(Records to process begins)
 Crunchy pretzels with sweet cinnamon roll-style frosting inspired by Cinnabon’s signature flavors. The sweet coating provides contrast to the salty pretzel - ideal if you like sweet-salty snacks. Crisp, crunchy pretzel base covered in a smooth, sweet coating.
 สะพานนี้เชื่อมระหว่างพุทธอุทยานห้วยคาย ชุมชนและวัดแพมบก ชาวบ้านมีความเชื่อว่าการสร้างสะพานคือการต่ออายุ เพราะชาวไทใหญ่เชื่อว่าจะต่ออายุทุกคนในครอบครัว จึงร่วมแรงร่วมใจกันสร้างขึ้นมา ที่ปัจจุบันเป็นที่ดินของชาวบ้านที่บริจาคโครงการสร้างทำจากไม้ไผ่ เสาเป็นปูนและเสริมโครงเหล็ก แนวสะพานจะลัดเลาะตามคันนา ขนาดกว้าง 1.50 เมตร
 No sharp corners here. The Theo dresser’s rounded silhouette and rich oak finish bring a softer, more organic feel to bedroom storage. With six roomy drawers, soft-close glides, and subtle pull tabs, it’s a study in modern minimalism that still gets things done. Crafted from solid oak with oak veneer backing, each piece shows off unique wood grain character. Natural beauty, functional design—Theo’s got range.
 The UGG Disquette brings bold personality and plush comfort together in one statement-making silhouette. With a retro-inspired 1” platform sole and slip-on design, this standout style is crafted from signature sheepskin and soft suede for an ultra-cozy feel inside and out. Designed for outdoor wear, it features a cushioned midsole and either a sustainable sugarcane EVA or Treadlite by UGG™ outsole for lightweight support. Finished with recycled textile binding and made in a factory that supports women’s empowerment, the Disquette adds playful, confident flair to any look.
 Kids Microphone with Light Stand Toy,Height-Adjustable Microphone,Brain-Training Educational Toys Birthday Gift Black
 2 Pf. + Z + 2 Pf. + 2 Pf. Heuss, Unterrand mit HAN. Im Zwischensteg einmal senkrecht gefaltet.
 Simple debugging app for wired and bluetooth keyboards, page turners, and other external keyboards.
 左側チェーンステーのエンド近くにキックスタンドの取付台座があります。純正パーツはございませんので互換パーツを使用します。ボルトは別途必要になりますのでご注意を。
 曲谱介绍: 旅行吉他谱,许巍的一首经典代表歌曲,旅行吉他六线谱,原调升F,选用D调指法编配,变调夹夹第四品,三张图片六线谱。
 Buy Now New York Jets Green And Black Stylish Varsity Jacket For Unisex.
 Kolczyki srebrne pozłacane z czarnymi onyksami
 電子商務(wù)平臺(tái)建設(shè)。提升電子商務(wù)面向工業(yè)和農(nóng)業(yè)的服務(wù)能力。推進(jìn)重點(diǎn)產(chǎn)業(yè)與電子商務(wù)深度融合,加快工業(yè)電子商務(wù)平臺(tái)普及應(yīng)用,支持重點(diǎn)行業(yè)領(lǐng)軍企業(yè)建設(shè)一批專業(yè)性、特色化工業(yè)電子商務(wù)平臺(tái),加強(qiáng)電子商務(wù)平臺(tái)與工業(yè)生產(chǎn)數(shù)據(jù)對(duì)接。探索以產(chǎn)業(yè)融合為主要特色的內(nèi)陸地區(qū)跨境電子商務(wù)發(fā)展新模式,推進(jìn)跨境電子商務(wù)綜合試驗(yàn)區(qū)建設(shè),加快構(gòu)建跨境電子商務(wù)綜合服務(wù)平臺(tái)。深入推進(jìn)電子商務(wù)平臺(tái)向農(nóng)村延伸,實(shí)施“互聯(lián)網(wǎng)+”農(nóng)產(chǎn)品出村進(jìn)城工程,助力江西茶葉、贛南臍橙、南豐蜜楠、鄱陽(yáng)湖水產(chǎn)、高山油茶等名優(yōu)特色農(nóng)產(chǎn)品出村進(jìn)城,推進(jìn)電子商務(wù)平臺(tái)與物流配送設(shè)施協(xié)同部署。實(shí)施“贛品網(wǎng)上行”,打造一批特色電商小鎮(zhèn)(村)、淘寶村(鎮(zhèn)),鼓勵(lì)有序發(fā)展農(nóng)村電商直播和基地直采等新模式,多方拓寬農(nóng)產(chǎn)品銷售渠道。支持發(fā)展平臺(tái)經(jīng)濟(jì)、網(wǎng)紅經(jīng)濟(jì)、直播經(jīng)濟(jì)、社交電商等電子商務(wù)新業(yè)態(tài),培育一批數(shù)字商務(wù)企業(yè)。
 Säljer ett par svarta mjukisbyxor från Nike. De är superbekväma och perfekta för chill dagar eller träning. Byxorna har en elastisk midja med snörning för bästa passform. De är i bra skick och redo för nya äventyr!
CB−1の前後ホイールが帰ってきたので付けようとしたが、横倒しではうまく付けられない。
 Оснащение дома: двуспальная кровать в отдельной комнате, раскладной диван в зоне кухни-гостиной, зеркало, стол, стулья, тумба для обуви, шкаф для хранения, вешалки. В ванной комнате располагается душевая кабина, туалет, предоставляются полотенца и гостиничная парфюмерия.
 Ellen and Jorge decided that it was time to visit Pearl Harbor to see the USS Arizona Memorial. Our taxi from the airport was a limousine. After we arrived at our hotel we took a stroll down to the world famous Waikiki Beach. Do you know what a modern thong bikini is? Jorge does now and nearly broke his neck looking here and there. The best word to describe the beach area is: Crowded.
(Records to process ends)
Problem
The answer must be the full listing, restated word for word.

Answer for this exercise
 Crunchy pretzels with sweet cinnamon roll-style frosting inspired by Cinnabon’s signature flavors. The sweet coating provides contrast to the salty pretzel - ideal if you like sweet-salty snacks. Crisp, crunchy pretzel base covered in a smooth, sweet coating.
 สะพานนี้เชื่อมระหว่างพุทธอุทยานห้วยคาย ชุมชนและวัดแพมบก ชาวบ้านมีความเชื่อว่าการสร้างสะพานคือการต่ออายุ เพราะชาวไทใหญ่เชื่อว่าจะต่ออายุทุกคนในครอบครัว จึงร่วมแรงร่วมใจกันสร้างขึ้นมา ที่ปัจจุบันเป็นที่ดินของชาวบ้านที่บริจาคโครงการสร้างทำจากไม้ไผ่ เสาเป็นปูนและเสริมโครงเหล็ก แนวสะพานจะลัดเลาะตามคันนา ขนาดกว้าง 1.50 เมตร
 No sharp corners here. The Theo dresser’s rounded silhouette and rich oak finish bring a softer, more organic feel to bedroom storage. With six roomy drawers, soft-close glides, and subtle pull tabs, it’s a study in modern minimalism that still gets things done. Crafted from solid oak with oak veneer backing, each piece shows off unique wood grain character. Natural beauty, functional design—Theo’s got range.
 The UGG Disquette brings bold personality and plush comfort together in one statement-making silhouette. With a retro-inspired 1” platform sole and slip-on design, this standout style is crafted from signature sheepskin and soft suede for an ultra-cozy feel inside and out. Designed for outdoor wear, it features a cushioned midsole and either a sustainable sugarcane EVA or Treadlite by UGG™ outsole for lightweight support. Finished with recycled textile binding and made in a factory that supports women’s empowerment, the Disquette adds playful, confident flair to any look.
 Kids Microphone with Light Stand Toy,Height-Adjustable Microphone,Brain-Training Educational Toys Birthday Gift Black
 2 Pf. + Z + 2 Pf. + 2 Pf. Heuss, Unterrand mit HAN. Im Zwischensteg einmal senkrecht gefaltet.
 Simple debugging app for wired and bluetooth keyboards, page turners, and other external keyboards.
 左側チェーンステーのエンド近くにキックスタンドの取付台座があります。純正パーツはございませんので互換パーツを使用します。ボルトは別途必要になりますのでご注意を。
 曲谱介绍: 旅行吉他谱,许巍的一首经典代表歌曲,旅行吉他六线谱,原调升F,选用D调指法编配,变调夹夹第四品,三张图片六线谱。
 Buy Now New York Jets Green And Black Stylish Varsity Jacket For Unisex.
 Kolczyki srebrne pozłacane z czarnymi onyksami
 電子商務(wù)平臺(tái)建設(shè)。提升電子商務(wù)面向工業(yè)和農(nóng)業(yè)的服務(wù)能力。推進(jìn)重點(diǎn)產(chǎn)業(yè)與電子商務(wù)深度融合,加快工業(yè)電子商務(wù)平臺(tái)普及應(yīng)用,支持重點(diǎn)行業(yè)領(lǐng)軍企業(yè)建設(shè)一批專業(yè)性、特色化工業(yè)電子商務(wù)平臺(tái),加強(qiáng)電子商務(wù)平臺(tái)與工業(yè)生產(chǎn)數(shù)據(jù)對(duì)接。探索以產(chǎn)業(yè)融合為主要特色的內(nèi)陸地區(qū)跨境電子商務(wù)發(fā)展新模式,推進(jìn)跨境電子商務(wù)綜合試驗(yàn)區(qū)建設(shè),加快構(gòu)建跨境電子商務(wù)綜合服務(wù)平臺(tái)。深入推進(jìn)電子商務(wù)平臺(tái)向農(nóng)村延伸,實(shí)施“互聯(lián)網(wǎng)+”農(nóng)產(chǎn)品出村進(jìn)城工程,助力江西茶葉、贛南臍橙、南豐蜜楠、鄱陽(yáng)湖水產(chǎn)、高山油茶等名優(yōu)特色農(nóng)產(chǎn)品出村進(jìn)城,推進(jìn)電子商務(wù)平臺(tái)與物流配送設(shè)施協(xié)同部署。實(shí)施“贛品網(wǎng)上行”,打造一批特色電商小鎮(zhèn)(村)、淘寶村(鎮(zhèn)),鼓勵(lì)有序發(fā)展農(nóng)村電商直播和基地直采等新模式,多方拓寬農(nóng)產(chǎn)品銷售渠道。支持發(fā)展平臺(tái)經(jīng)濟(jì)、網(wǎng)紅經(jīng)濟(jì)、直播經(jīng)濟(jì)、社交電商等電子商務(wù)新業(yè)態(tài),培育一批數(shù)字商務(wù)企業(yè)。
 Säljer ett par svarta mjukisbyxor från Nike. De är superbekväma och perfekta för chill dagar eller träning. Byxorna har en elastisk midja med snörning för bästa passform. De är i bra skick och redo för nya äventyr!
CB−1の前後ホイールが帰ってきたので付けようとしたが、横倒しではうまく付けられない。
 Оснащение дома: двуспальная кровать в отдельной комнате, раскладной диван в зоне кухни-гостиной, зеркало, стол, стулья, тумба для обуви, шкаф для хранения, вешалки. В ванной комнате располагается душевая кабина, туалет, предоставляются полотенца и гостиничная парфюмерия.
 Ellen and Jorge decided that it was time to visit Pearl Harbor to see the USS Arizona Memorial. Our taxi from the airport was a limousine. After we arrived at our hotel we took a stroll down to the world famous Waikiki Beach. Do you know what a modern thong bikini is? Jorge does now and nearly broke his neck looking here and there. The best word to describe the beach area is: Crowded.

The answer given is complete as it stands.